The results of ML models trained with features based on AE analysis with the HHT, proposed by Pandya et al., demonstrate the usefulness of these physical features. The observer-based non-linear models of Piltan et al. have helped improve the accuracy of the DT model. However, these authors divide the CWRU dataset into numerous groups, considering fault sizes and different load regimes. The latter work overlooks the fact that the load is practically meaningless in this case, as there is no mechanism in the CWRU experiment that converts the torque into a radial load supported by the REBs. Furthermore, the usefulness of these non-physical models with more heterogeneous groups is unclear. Pan et al. obtained excellent results in their novel neural network enhanced with the second-generation wavelet transform. Peng et al. show that the simple method of converting raw time signals into greyscale images to train a CNN provides outstanding results. Once again, the CWRU dataset is subdivided into numerous groups in this work, considering different fault sizes and load regimes. Finally, the model proposed by Duong et al. demonstrates the usefulness of DSWI obtained from faulty REBs’ signals to train CNNs.

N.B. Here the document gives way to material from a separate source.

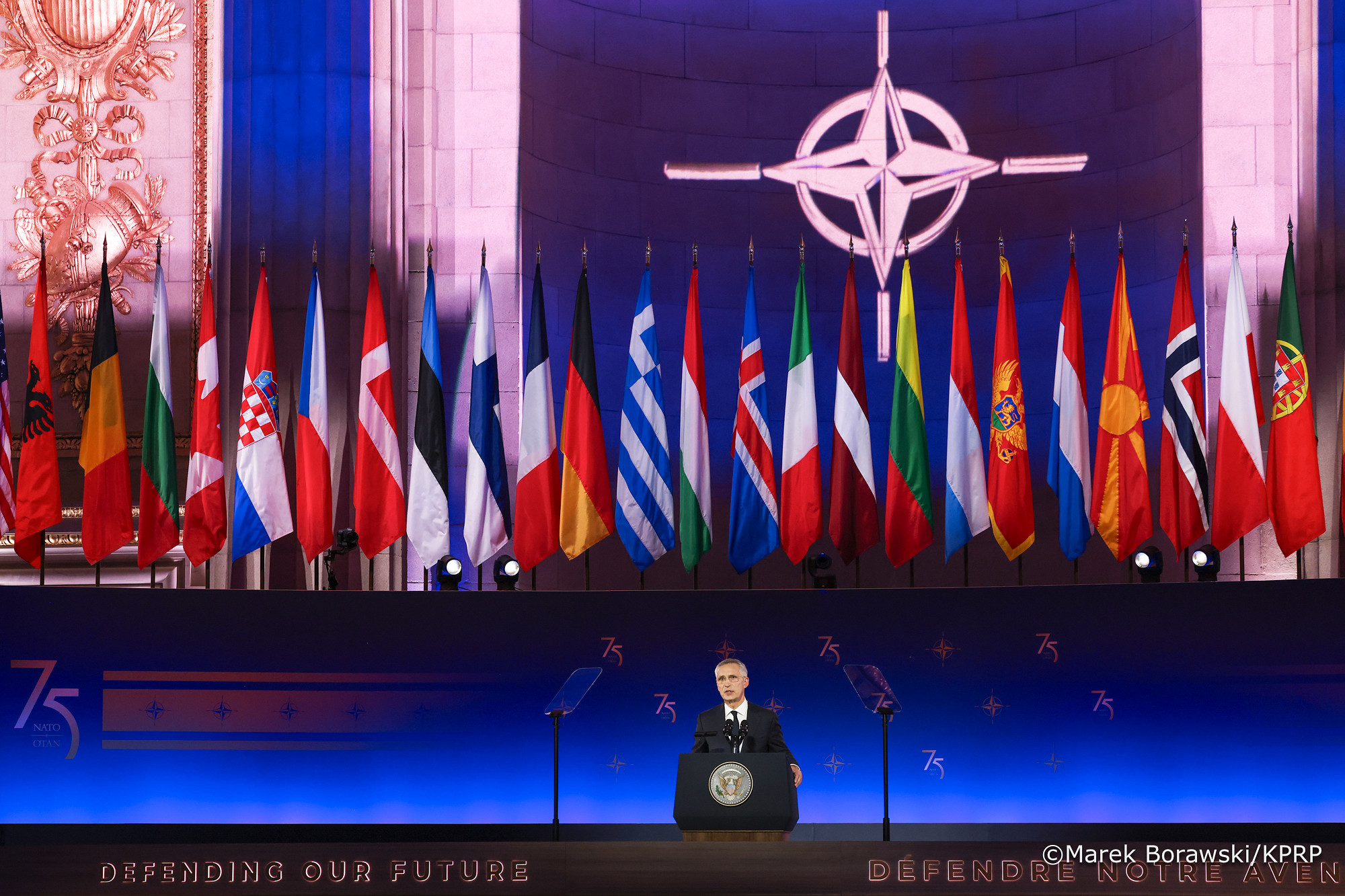 W pierwszym dniu szczytu NATO Prezydent Andrzej Duda i Agata Kornhauser–Duda wzięli udział w uroczystości z okazji 75. rocznicy podpisania Traktatu Północnoatlantyckiego. Zwierzchnikowi Sił Zbrojnych w Waszyngtonie towarzyszy Szef BBN Jacek Siewiera.

This work evaluated the applicability of physical methods, such as the CPW-enhanced envelope spectrum, for the ML-based classification problem. Feature extraction from this method has yielded excellent results demonstrating its usefulness in combination with time-domain features. These results have been superior to those of the CNN trained with greyscale images of raw time signals under the same conditions. The results obtained in this paper are to be understood as a complement to the study of relevant features for diagnosing REBs based on ML.
5. Conclusions
In general terms, excellent accuracies have been obtained from the ML models. The statistical tests’ results and the different algorithms’ accuracy have shown that the frequency-domain features, particularly the logarithmic ratios between the maximum amplitudes of the envelope spectrum around the pulses spaced at the faults’ characteristic frequency, have been the most important ones. These, in addition to some of the most critical time-domain features, have been able to yield the highest accuracies in this paper. Among the models, the k-NN and SVM classifiers were the best performers. The accuracy of these algorithms is given in
Table 8,
Table 9,
Table 10 and
Table 11. It can also be seen from
Figure 10 and
Figure 11 that signals corresponding to REBs with faulty balls have been the most difficult for the algorithms to classify. The CNN’s accuracy can be improved by increasing the dataset’s size, as mentioned in
Section 4. These models can be potentially helpful for automatically diagnosing the health status of REBs.

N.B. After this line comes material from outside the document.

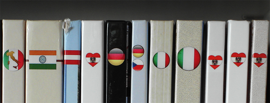 uwu Re: Buchrücken beschriften?Ich mache es ähnlich, oben am Buch immer die Fahne des Landes und unten mein Logo. Viel mehr geht sich ja nicht aus. Hab schon einmal überlegt, wie auch hier von jemanden gefragt, ein Bild über 4 Bücher zu ziehen, aber da sind dann am einzelnen Buch nicht so gut aus.

The main drawback of the proposed method is that the database on which the study has been conducted is imbalanced, as seen in
Table 1. This means that the classification result may be biased, as the classifiers are more sensitive to detecting the majority class and less sensitive to the minority class. A common technique to counteract the imbalanced data problem is to oversample the dataset. Nevertheless, after applying cross-validation, it is known to lead to over-optimistic results, for which conventional model evaluation metrics such as accuracy are not good indicators of the algorithms’ performance. In the industry, faults in REBs are typically not evenly distributed, with malfunctions such as those affecting inner and outer races occurring more frequently than others. Therefore, dealing with imbalanced databases is a common challenge. The best practice to address this issue is to apply cross-validation by stratifying each k-fold to capture the unbalanced distribution of groups on each target feature. In this paper, as discussed, conventional five-fold cross-validation has been implemented. This is an essential point of improvement for future research.